The power set forms a graph in which movement from the bottom towards the top of the graph signifies privilege escalation. For example, a file read on the local system may provide the attacker the ability to read a configuration file and authenticate to related database; this is represented as movement from a to {a,b}.
Some privilege escalations are known to be impossible. A pair of capabilities may refer to independent parts of the system. In practice, these routes will simply be uninhabited. Those edges can be removed from the picture, which simplifies the graph. It should be noted that the possibility of privilege escalation is probabilstic in nature. For example, an XSS payload may or may not execute. A phishing attempt succeeds with a certian probability. An ASLR bypass such as a sprayed heap may yield to a desired outcome, or may not. An LLM may or may not identify an exploit that allows escalation.
A meta note about graphs: each movement the power-set graph is “coordinate-wise”, which is why Boolean hyper-cubes are a good alternative way of representing power sets. Capabilities are identified with positions in an n-tuple and from each capability set, it’s possible to independently “unlock” or “lock” any other capability (flipping the bit at that position or moving across an edge in the hyper cube). All in all, power-set graphs are a heavily restricted variants of DAGs, which are a very general notion.
4. Quotient of the power set graph
Our previous model fails to capture the “avalanche” property. A full (or large) set of capabilities is often times gained suddenly, in one passage. Paradoxically, in order to gain a single capability (such as, read from a database), often times, the attacker gains the full set of capabilities.
To model this, we add some back-propagating implications to the system. A capability “back-propagates” a number of other capabilities. For example, running code on the host system implies access to all application users, administrators as well as access to secrets in configuraiton files (three capabilities). This is modeled as a => b, a => c, a => d in the picture above.

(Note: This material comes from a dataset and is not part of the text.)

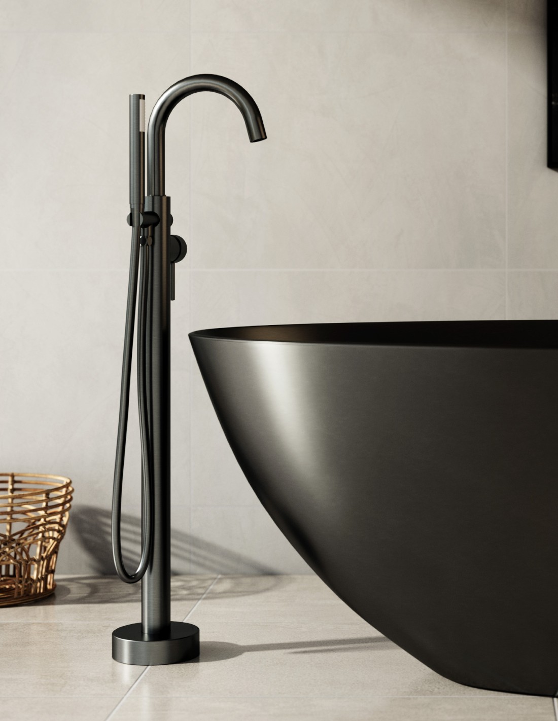 Eleva tu cuarto de baño a la categoría de spa de lujo con la grifería bañera exenta titanio Round de GME. Esta pieza es mucho más que un grifo; es un elemento arquitectónico diseñado para acompañar a las bañeras de diseño independiente (bañeras exentas), aportando una presencia majestuosa y una funcionalidad superior. Su diseño basado en la pureza de las líneas cilíndricas crea una estética fluida y minimalista que encaja a la perfección en baños modernos y diáfanos.

With this information present, the graph becomes highly redundant. Nodes should be merged; in graph theory, this is called a Strongly Connectected Component (SCC) quotient graph of the original graph. There’s a single state that includes a now, as shown on the picture on the picture. The super node is, for example, unrestricted code execution on a host.

Nodes are grouped so that only elements not “covered” by the letters present in the implication define unique nodes.
5. DAGs encode progressions
Instead of a conclusion, let’s focus on what DAGs can represnt in general (not just power set graphs). Specifically, DAGs can be thought of models of arbitrary progressions:
- DAGs have “orientation” and moving from the bottom to the top corresponds to passage of time
- A DAG trail from bottom to top corresponds to a choice of events that may have taken place
- The more complicated the DAG is, the more subtle event inter-dependencies are
- Power-sets or Boolean hyper-cubes are heavily restricted DAGs
- Specifically, power-set graphs prevent “dependencies” between coordinates; in power-set graphs, it’s possible to “unlock” a capability regardless of the ongoing state
The type of real-world progression we looked at was well-modeled by the restricted form of DAGs (power set or Boolean hyper cube, which is the same thing). But what type of real-world progression requires a richer DAG structure? Perhaps a DAG structure which involves interleaved connections and capability dependencies? That’s an interesting question with which we’ll end this blog post. Thank you for reading!